(1.) Both these applications have been filed under Order 39 Rule 1 and 2 readwith Section 151 of the Code of Civil Procedure (hereinafter referred to as 'the Code'). In IA 5606/93 it has been prayed that defendant Nos.l to 3 be restrained from making any assessment on the basis of letters annexure A & C or any other assessment of sale which to the record of the plaintiff company took place outside Delhi. In IA 6554/93 the plaintiff has prayed for stay of the recovery of any amount under the two demand notices both dated 10th June, 1993 for the years 1990-91 as well as 1991-92 respectively (copies of which have been annexed as annexures E & H to the application) and also for stay of recovery of the amount under assessment orders (copies of which have been annexed as annexures F,G, 1 & J to the application). Common reply has been filed on behalf of defendants 1 and 2 to these application.

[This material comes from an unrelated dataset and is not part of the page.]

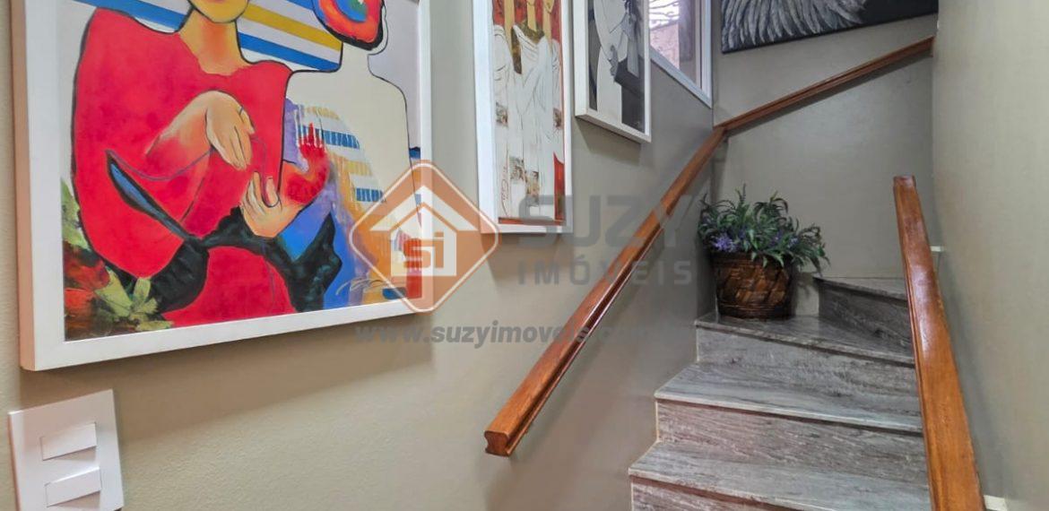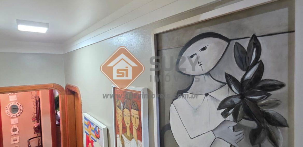 Piso superior 04 dormitórios, sendo 01 usado para sala de TV e 01 suíte completa, todos com armários e ar condicionado, varanda com vista para rua principal, 01 closet, w.c social, área de serviço grande com varanda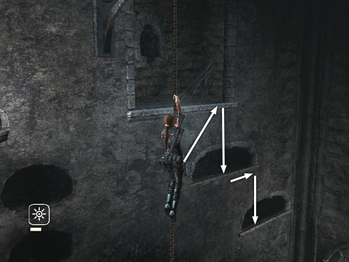 Alternatively, swing from the chain to the alcove on the left wall. Climb to the right and drop to grab the niche below. Climb to the right again and then drop down to the next niche. Note that the sills of these small niches start to break away when Lara grabs them, so you must move quickly.

(2.) Mr. Khanna, learned senior counsel appearing on behalf of the plaintiff submitted that the transactions being impugned by the defendants 1 to 3 took place outside Delhi and did not fall within ambit and scope of Delhi Sales Tax Act, 1975 (hereinafter referred to as the Local Act). In this connection, he drew my attention to Section 8 of the Local Act and Sections 3,4 and 5 of the Central Sales Tax Act, 1956 (hereinafter referred to as the Central Act). He submitted that in terms of Section 8, no sales tax is imposable when such sale or purchase takes place "outside Delhi". He further submitted that in terms of explanation under Section 8 of the Local Act, for determining whether a particular sale or purchase has taken place outside Delhi, Sections 3,4 and 5 of the Central Act are applicable and under Section 4 of the Central Act, the sale or purchase will be deemed to have taken place outside Delhi in case the goods are not lying within the State at the time when the contract for sale or purchase was made. Relying on these provisions, the learned counsel contended that since the vehicles which are subject matter of the assessment orders were not stored in the Union Territory of Delhi when the contract of sale was made, the sale of these vehicles will be deemed to have taken place outside Delhi and as such no sales tax could be levied by the defendants 1 to 3. In support of this contention, the learned counsel placed reliance on two judgements of the Supreme Court reported as The Instalment Supply Ltd. VS. S.T.D. Ahemadabad, AIR 1974 SC 1195 and State of Kerala VS Ramaswami lyer & Sons, 1966 (3) SCR 582.
(3.) Learned counsel also submitted that the error committed by the Assessing Officer is an error of law and the Assessing Officer wrongly assumed jurisdiction which was in violation of Article 286 of the Constitution of India. In support of this contention, the learned counsel again placed reliance on the Supreme Court Judgement in the case of The Instalment Supply Ltd. (supra). The learned counsel, therefore, contended that since the impugned orders passed by the defendants 1 to 3 are without jurisdiction and admittedly the petitioner has not collected the amount of sales tax from the customers, the operation of the impugned orders should be stayed. In support of this contention he placed reliance on a judgement of this Court reported as Kelvinator of India Ltd., New Delhi Vs. Collector of Customs and Central Excise (Appeals), 1987(32) ELT 663(Del.).